- From: Seaborne, Andy <andy.seaborne@hp.com>
- Date: Wed, 25 May 2005 15:04:57 +0100
- To: Pat Hayes <phayes@ihmc.us>
- CC: Dan Connolly <connolly@w3.org>, www-archive@w3.org, Eric Prud'hommeaux <eric@w3.org>, Bijan Parsia <bparsia@isr.umd.edu>
Pat Hayes wrote:
> See http://www.ihmc.us/users/phayes/TEMP/DEFS_pat-1.html Not fully
> complete, questions in red.
>
> Pat
>
Answers to some questions and some question from me:
>let RDF-U be the set of all RDF URIs [[SHOULD THAT BE URI REFERENCES??]]
>let RDF-L be the set of all RDF Literals
>let RDF-B be the set of all blank nodes
The language RFC 3986 means that "URI" includes absolute URIs with a #frag. A
URI reference is only need if it were relative URIs.
> A triple pattern is a triple in (RDF-T union V)x (RDF-T union V)x (RDF-T
union V).
That puts literals into the property position.
Is that intentional?
> A Substitution is a partial mapping ...
I don't understand the distinction of substitution and solution. It seems that
a solution is a restriction of a substitution on the variables of a basic
patetrn but later it seems to be redefined/extended to all the pattern cases.
Therefore, why not just have "solution" -- substitution only gets used for basic
patterns.
>A SPARQL query is a 4-tuple consisting of a graph pattern, defined below; a
>dataset description, which is a set of URIs; a set of solution sequence
>modifiers, defined below [[Where are these defined??]], and a result form,
also >defined below.
[[Where are these defined??]] => should now be in the document.
> A pattern is one of:
> a basic graph pattern;
> a constrained pattern, which is a pattern plus a value constraint;
Is there a particular reason to make this a pair of (pattern, constraint)?
Would it work to just define "value constaint" and have define it to "match" a
solution if it evaulates to true?
This defines seems to exclude:
{ :x :p ?v } UNION { :y :q ?v } . FILTER ?v < 5
c.f. ?v math:lessThan 5
The doc currently tries to make contraints just a member of a group like
everything else.
> an optional pattern, which contains a pattern;
> a group pattern, which is a finite set of patterns;
> a union pattern, which is a finite set of patterns;
Is the "finite" significant? I'm happy to include it - just want to know.
> a dataset pattern, which is a pair of a graph identier and a pattern, where a
graph identifier is an element of (V union RDF-U)
Will use the terminology "dataset pattern".

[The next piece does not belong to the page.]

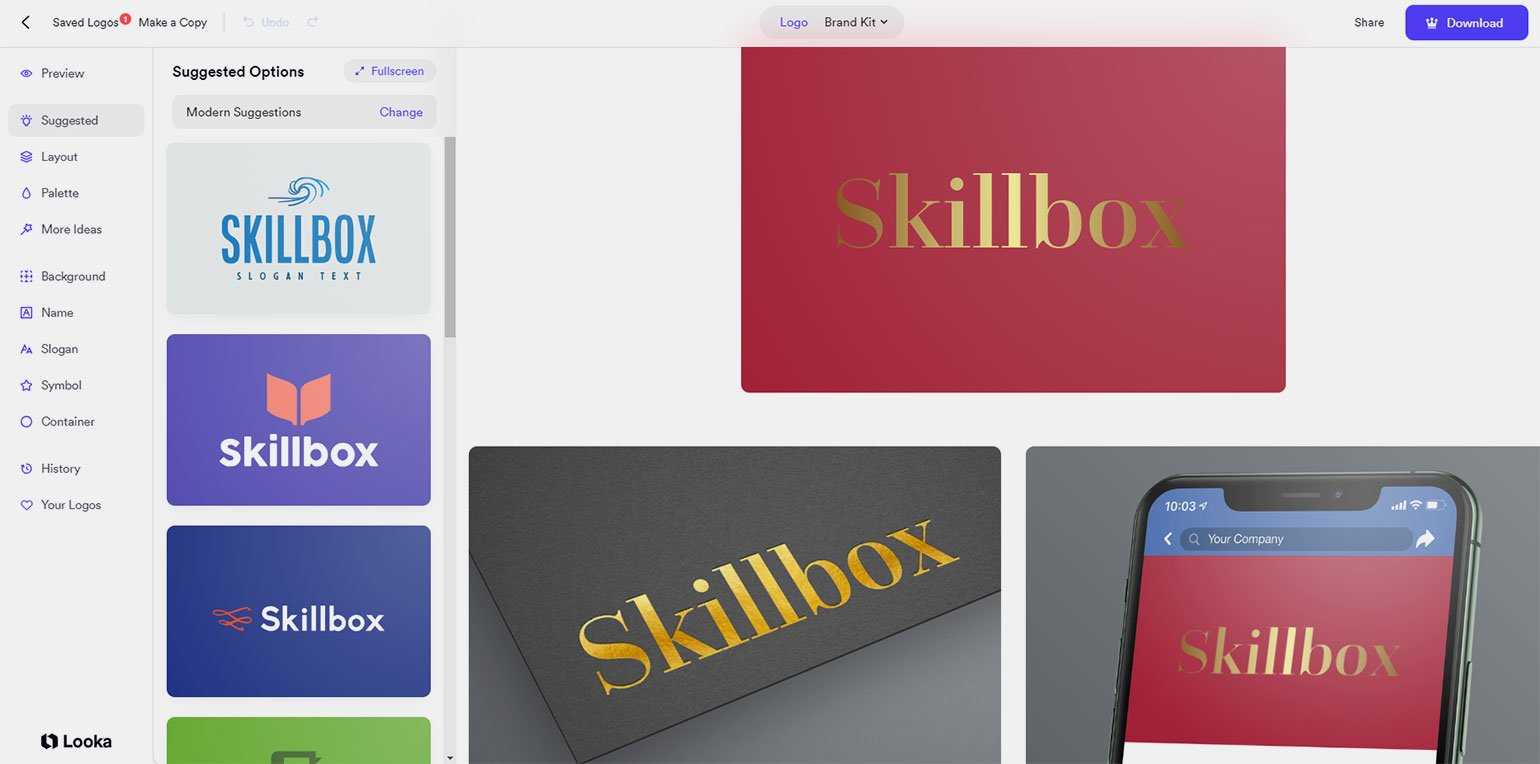 Looka — делает логотипы с градиентами и декоративными шрифтами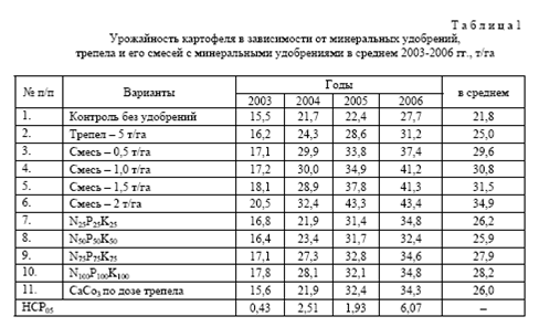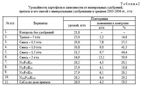 Реферат: Урожайность картофеля в зависимости от минеральных удобрений, трепела и его смесей с минеральными удобрениями

> Note, queries are understood to be evaluated with respect to a dataset.
Yes - Dan spotted that - definitely need to say this!
> If P is a basic graph pattern then a solution for P on D is any solution for
P > on some G with G in D or <x, G> in D. [[is that right? Do we include the
named > graphs even when the pattern does not mention datasets explicitly?]]
No - P matches the default graph but the GRAPH clause changes the graph matched.
There are two ways to do this I can see:
1/ Define the "active graph" as the one being matched - starts as the default
graph and GRAPH changes it to one of named ones.
2/ Define the default graph to change to the named one in GRAPH. GRAPH is anot
a scope - once inside a GRAPH clause, application can't see the default graph
but can change to another named GRAPH (a weird, if legal query).
My preference is 1.
> If P is a constrained pattern containing a pattern P' and a value constraint
V > then S is a solution for P when S is a solution for P' and S(V) evaluates to
> true.
As a check here - shouldn't that be V(S(P)) evalutes to be true?
If so, then there seems no special need to tie a constraint to a basic pattern.